-- ASSIGNMENT --
Find "接著連接高壓線纜,從設備高壓" below and begin at its line; stop after the line with "11月19日,十五运会男子花". Output those lines exactly, without pictures.

-- EXTRACTED MATERIAL --
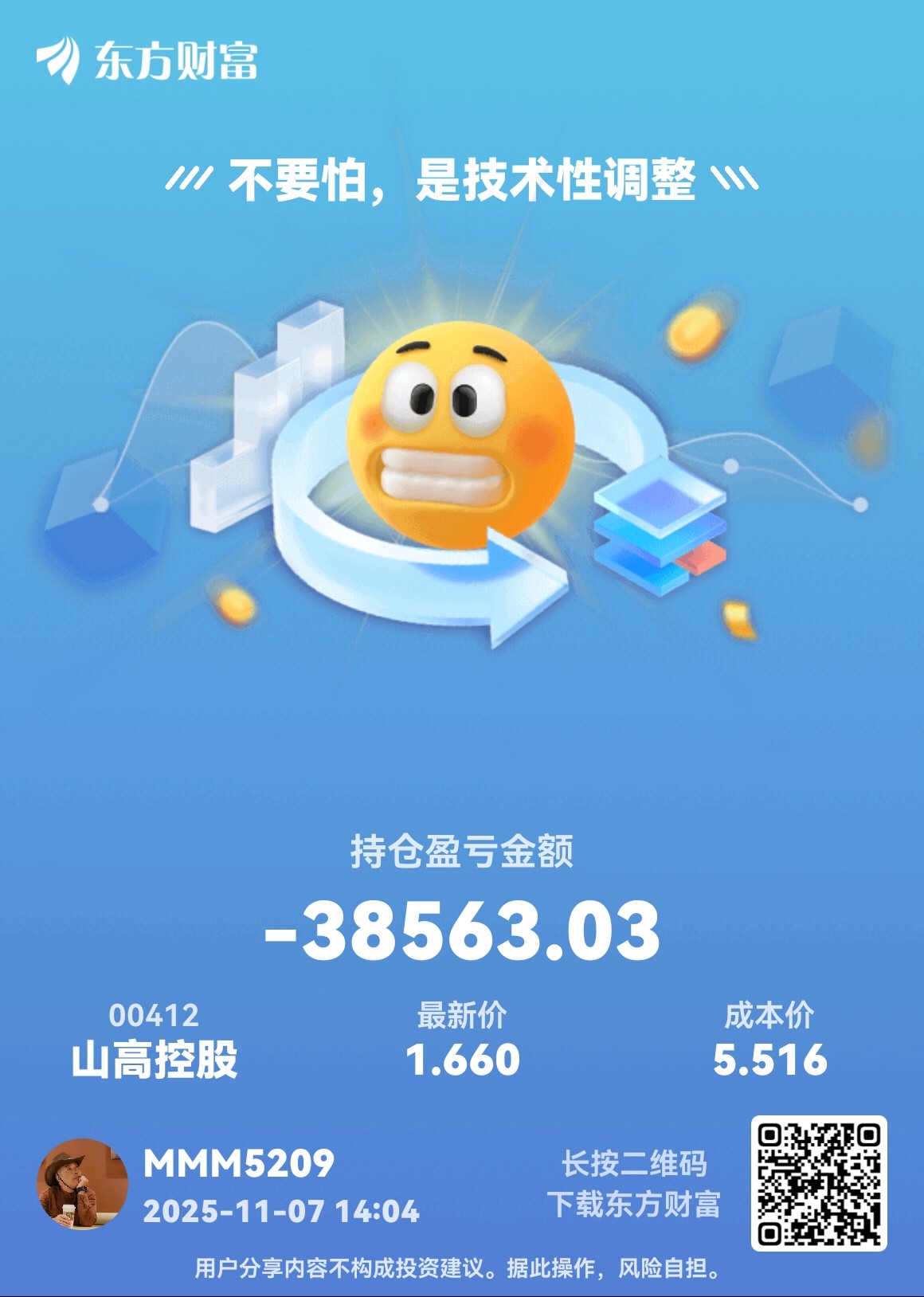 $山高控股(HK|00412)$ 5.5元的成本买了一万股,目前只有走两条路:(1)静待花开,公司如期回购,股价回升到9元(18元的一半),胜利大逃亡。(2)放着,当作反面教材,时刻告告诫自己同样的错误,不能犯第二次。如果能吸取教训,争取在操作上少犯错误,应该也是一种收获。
--
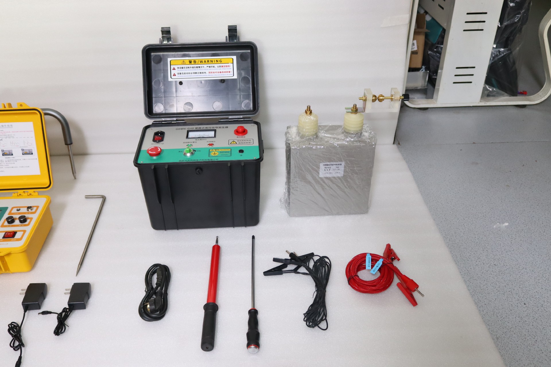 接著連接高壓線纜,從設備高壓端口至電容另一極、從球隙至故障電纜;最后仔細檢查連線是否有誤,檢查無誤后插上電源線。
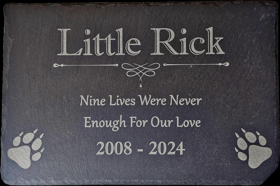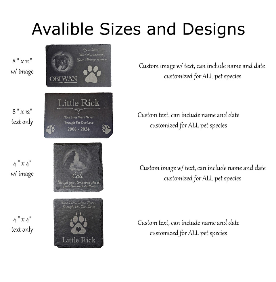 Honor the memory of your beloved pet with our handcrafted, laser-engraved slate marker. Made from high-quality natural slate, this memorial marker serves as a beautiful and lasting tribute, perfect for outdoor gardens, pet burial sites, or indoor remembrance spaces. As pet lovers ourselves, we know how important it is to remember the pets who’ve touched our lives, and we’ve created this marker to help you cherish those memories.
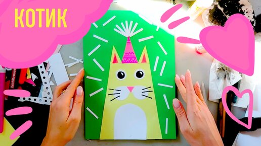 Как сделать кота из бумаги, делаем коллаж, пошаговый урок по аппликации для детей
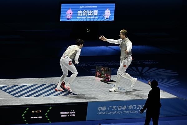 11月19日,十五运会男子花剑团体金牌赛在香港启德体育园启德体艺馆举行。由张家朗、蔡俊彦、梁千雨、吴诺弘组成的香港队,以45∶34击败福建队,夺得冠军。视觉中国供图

-- RESPONSE BOX --
 接著連接高壓線纜,從設備高壓端口至電容另一極、從球隙至故障電纜;最后仔細檢查連線是否有誤,檢查無誤后插上電源線。
 Honor the memory of your beloved pet with our handcrafted, laser-engraved slate marker. Made from high-quality natural slate, this memorial marker serves as a beautiful and lasting tribute, perfect for outdoor gardens, pet burial sites, or indoor remembrance spaces. As pet lovers ourselves, we know how important it is to remember the pets who’ve touched our lives, and we’ve created this marker to help you cherish those memories.
 Как сделать кота из бумаги, делаем коллаж, пошаговый урок по аппликации для детей
 11月19日,十五运会男子花剑团体金牌赛在香港启德体育园启德体艺馆举行。由张家朗、蔡俊彦、梁千雨、吴诺弘组成的香港队,以45∶34击败福建队,夺得冠军。视觉中国供图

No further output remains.